Discovering the cause of a disease can obviously lead to effective forms of treatment

But trying out speculative forms of treatment can sometimes help to provide important information about the cause of a disease
 

snowathlete

Senior Member
Messages
5,374
Location
UK
If the anecdotal information is simply the little that is already in the public domain; a few apparent patients with me/cfs who have had rituxan without it working in the US, conducted by one group, then I am not sure I agree that it should be taken into consideration when deciding when, where and if to conduct a formal trial in the UK.

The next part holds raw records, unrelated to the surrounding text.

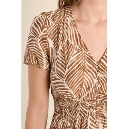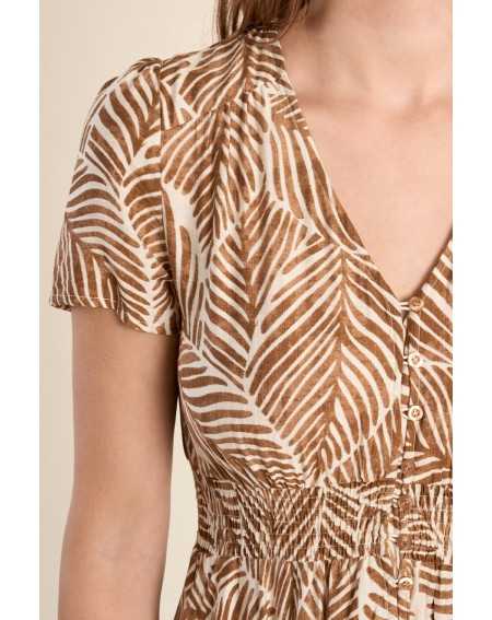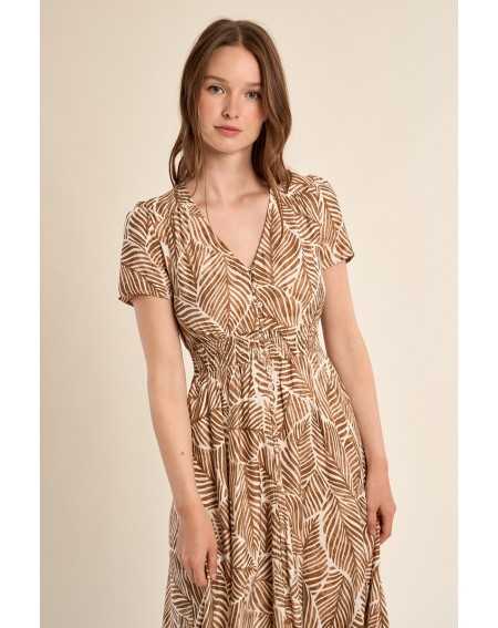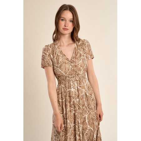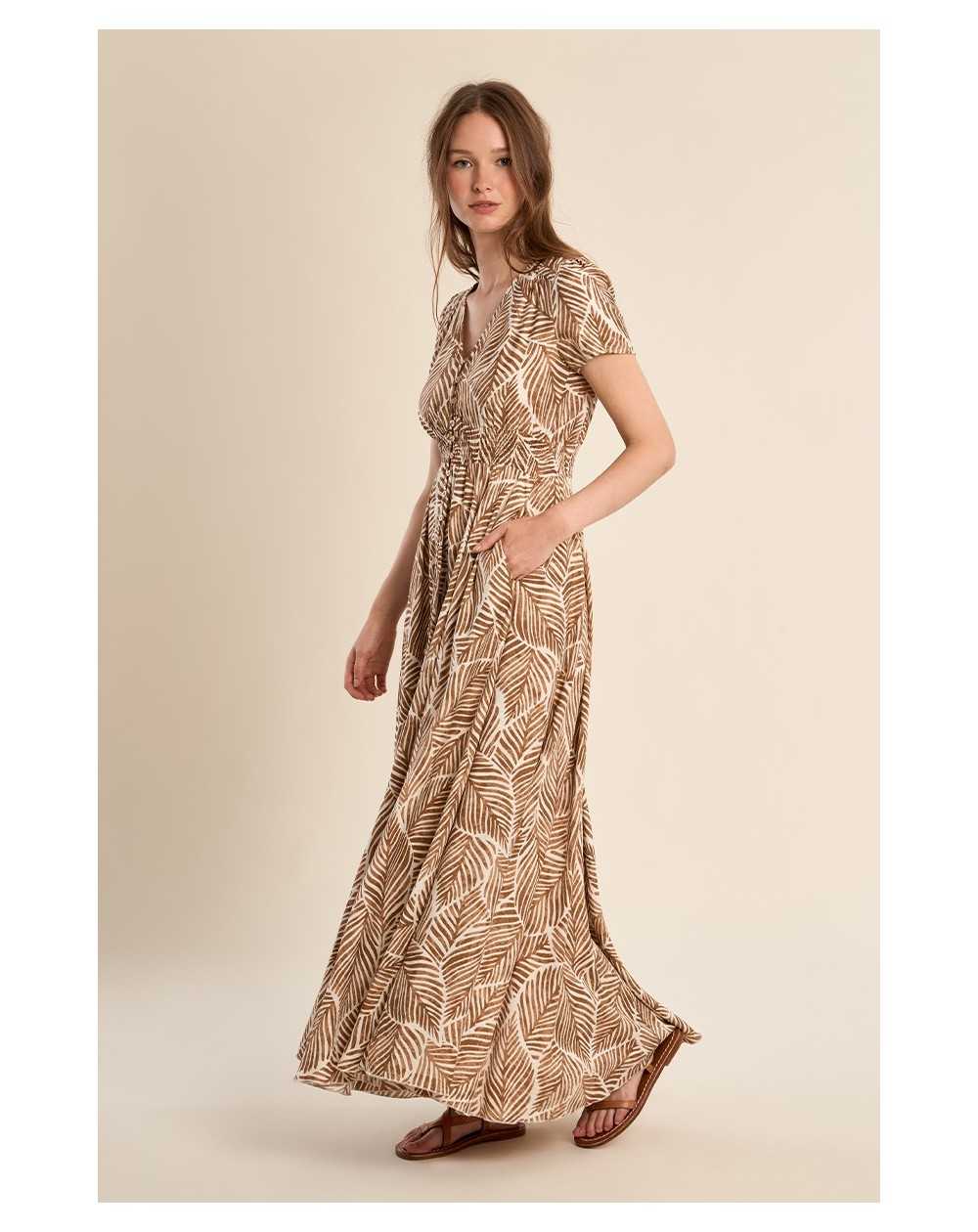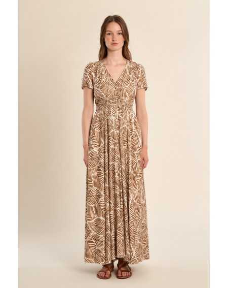 Robe longue imprimée à l’allure fluide et féminine. Son encolure en V et sa taille élastiquée offrent confort et élégance au quotidien.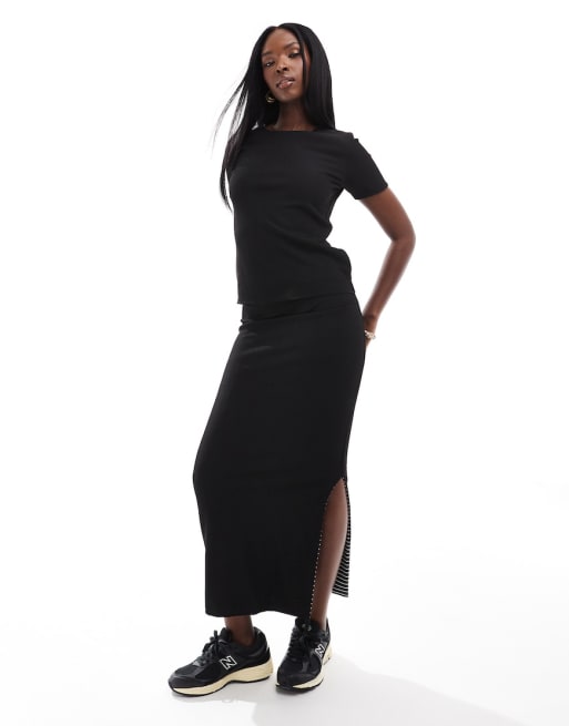 Conjunto negro a rayas de camiseta con diseño reversible y falda midi de In The Style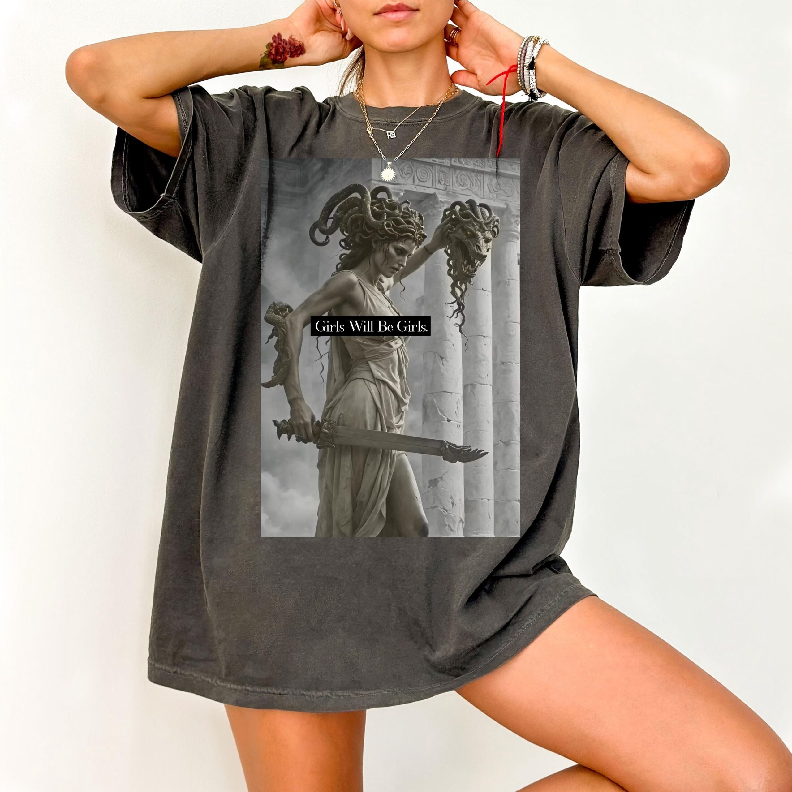 Girls Will Be Girls Shirt, Medusa with the Head of Perseus Tee, Feminist Shirt, Women’s Empowerment Shirt, Feminism Shirt, Gift for Her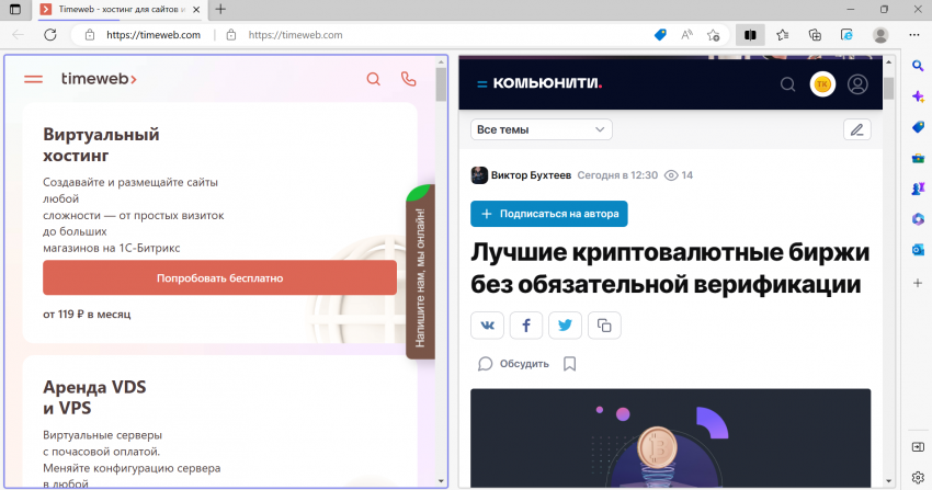 ✔В браузере Edge стала доступна функция Split Screen - «Новости мира Интернет»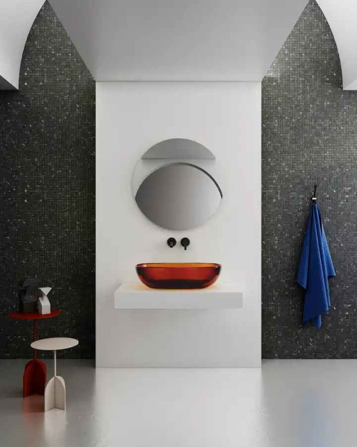 Раковина накладная прозрачная овальная ABBER KRISTALL AT2805Opal 60х40х15,5, коричневая, материал - полиэфирная смола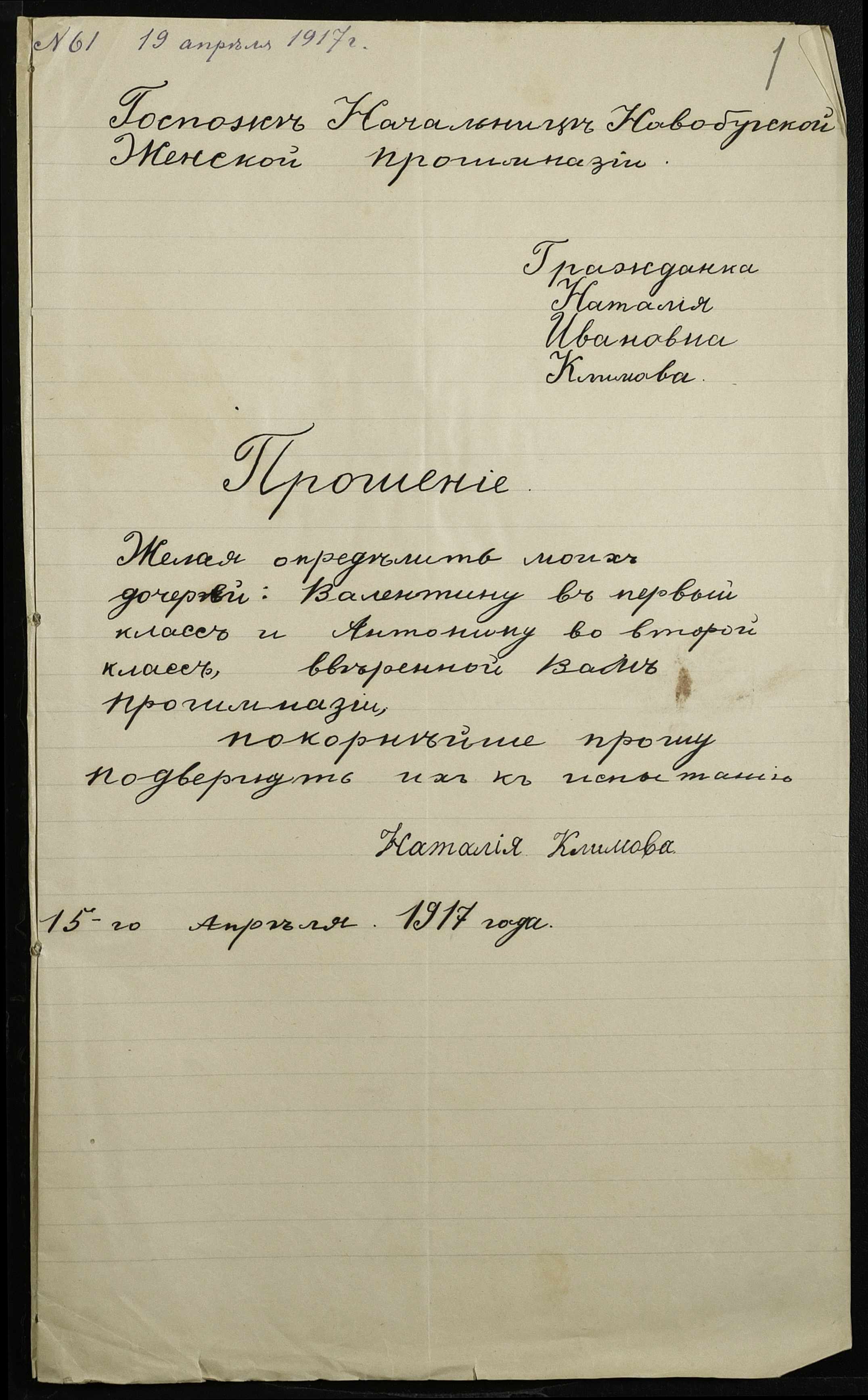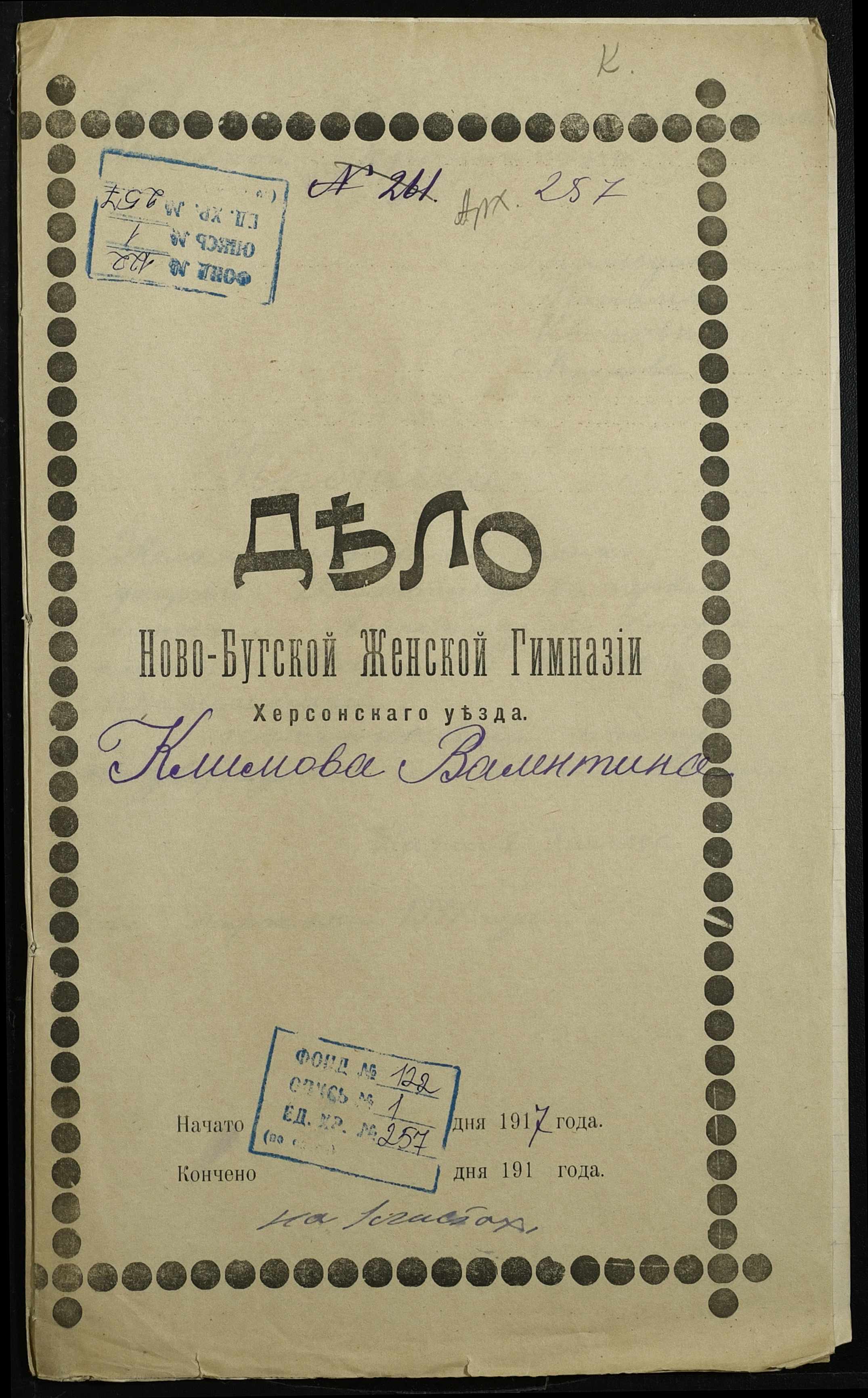 • • • • Справа № 257 “Особова справа Климової Валентини (Климовой Валентины)”
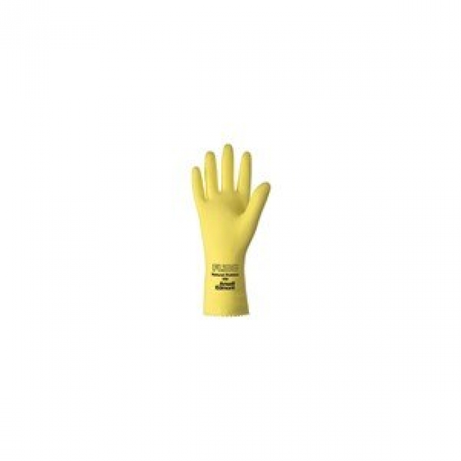 - Ansell FL100 Gloves, Product Code: 185751, Color: Lemon yellow, Type: Fishscale grip, Gauge: 17 mil, Style: 12" pinked cuff, Packaging Qty: 12 pr per polybag - 12 bags per case, Size: 9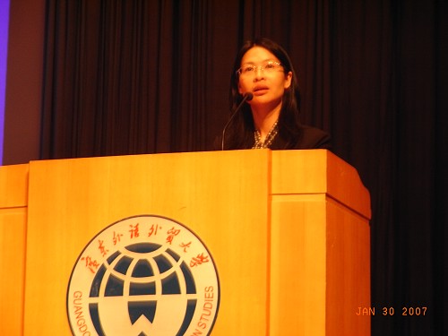 随后,彭巧玲热情地为准备参加这届广交会实习的同学进行了培训。她指出,在当今世界金融危机对经济实体的冲击进一步加深的背景下,举行本届广交会的意义非凡。接着,她又详细地为同学们介绍了在外事工作中所要注意的基本事项、接待外宾时应有的礼仪惯例以及相关业务概况。同时她希望同学们不论被分配到哪个岗位,都要认真对待工作。最后,彭巧玲对参加广交会的同学提出了三点要求:一、统一认识,积极投入;二、认真负责,专业高效;三、纪律严明、健康安全。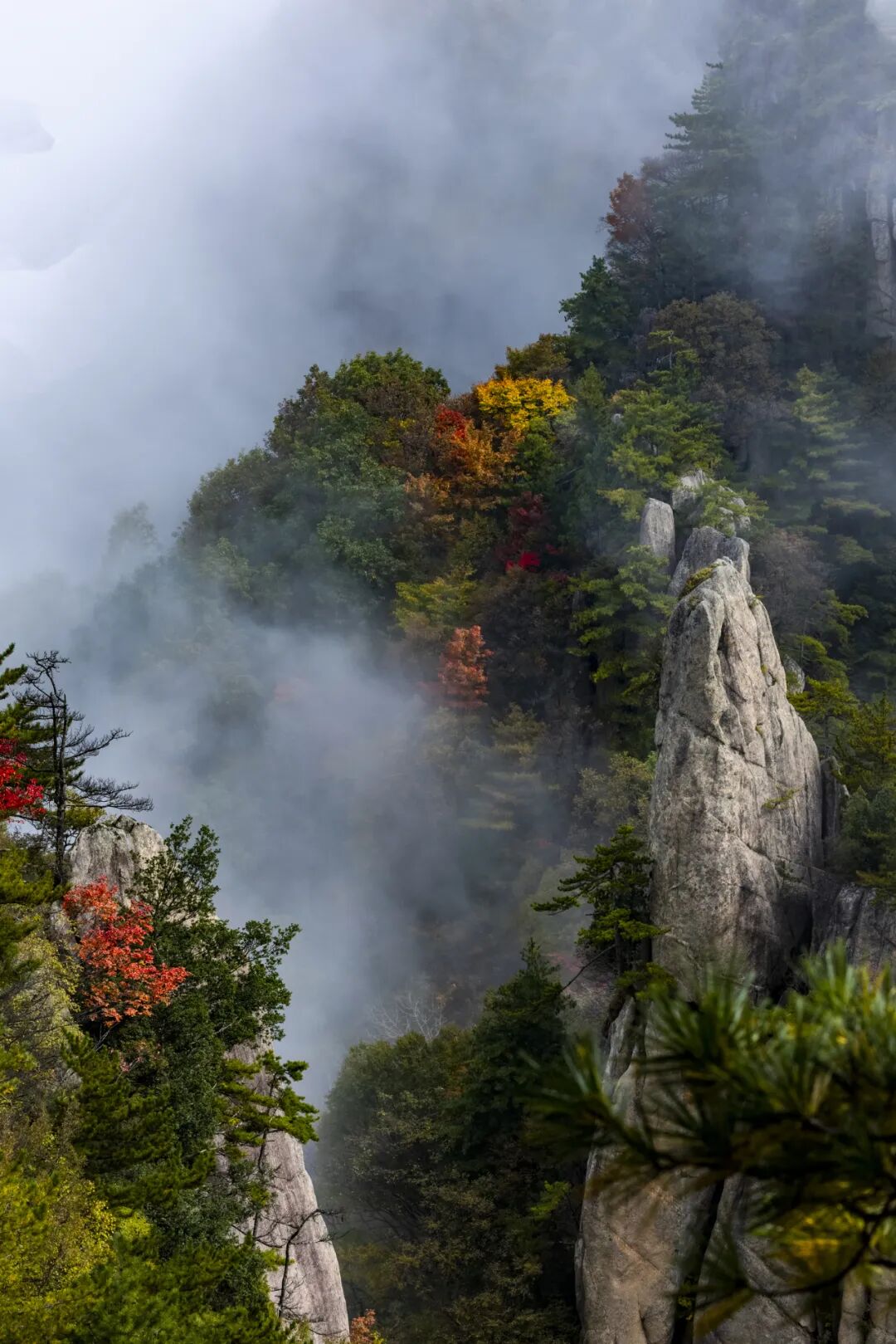 秋雨过后,鸡峰山云海朦胧,是观赏鸡峰山云海的佳期,登顶之后举目眺望,云雾缭绕间山峦若隐若现,群山在云雾中逐渐被秋色浸染,霎时间万山红遍,山色空蒙,犹如仙境一般。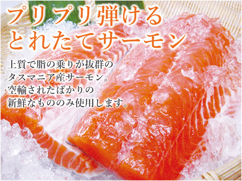 特定原材料8品目は使用していません 【原材料】 サーモン(タスマニア産)、米(福井産米)、イクラ醤油漬け、砂糖、酢、塩、昆布 |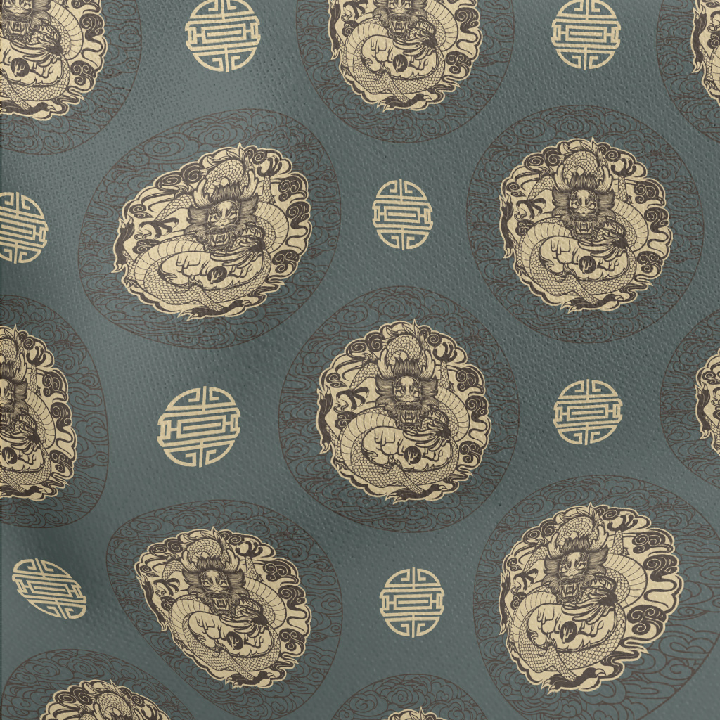 古代神獸神龍薄棉布(幅寬150公分)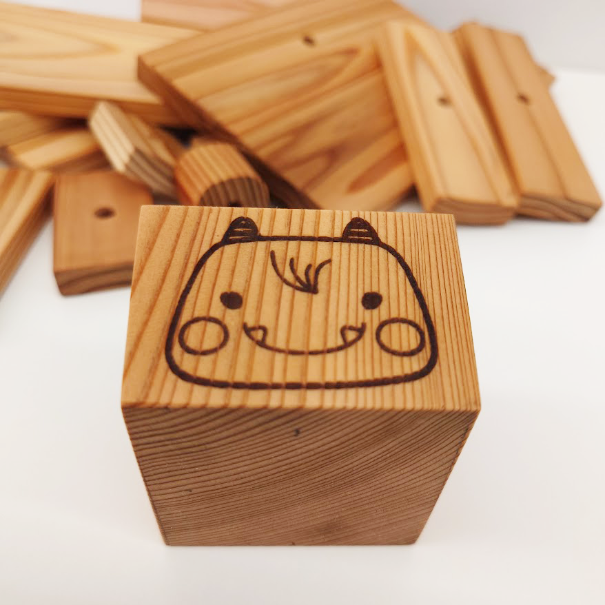「伐(きる)」から「遊(あそぶ)」へ。 役目を終えて伐採された柏崎杉が、子どもたちの宝物として生まれ変わりました。 杉は特有の香り、一つひとつ異なる美しい木目が特徴です。

If the information was more compelling then I could perhaps agree with that view a bit more, but it seems very weak reasoning to me. I mean, we had six? patients in the original positive pilot study in Norway and that was rightly considered too small to draw any conclusions from and that was a formal trial. So even if we had a similar number in the US who reported the opposite in a trial that again would not be sufficient to draw any conclusions, it would at best create caution and uncertainty as it conflicts with reports from Norway...but we aren't even talking about that. We're talking - so far as I know - about a few patients outside of a trial, who had the drug given by the same group in the US and told people on the net that it didn't work for them. It's really no evidence at all, in my opinion.

Given patients are in need of a treatment, there is some formal evidence to suggest rituxan *might* work, and that proper formal trials take time to conduct, before which any potential treatment will not be possible in the UK, I'm disappointed at how long it is taking to get going. I know it isn't easy, it has to be done properly, and there are a lot of obstacles to overcome, but that just makes it more annoying that such weak evidence being discussed is causing serious questions as to when and if a trial should be conducted in the UK.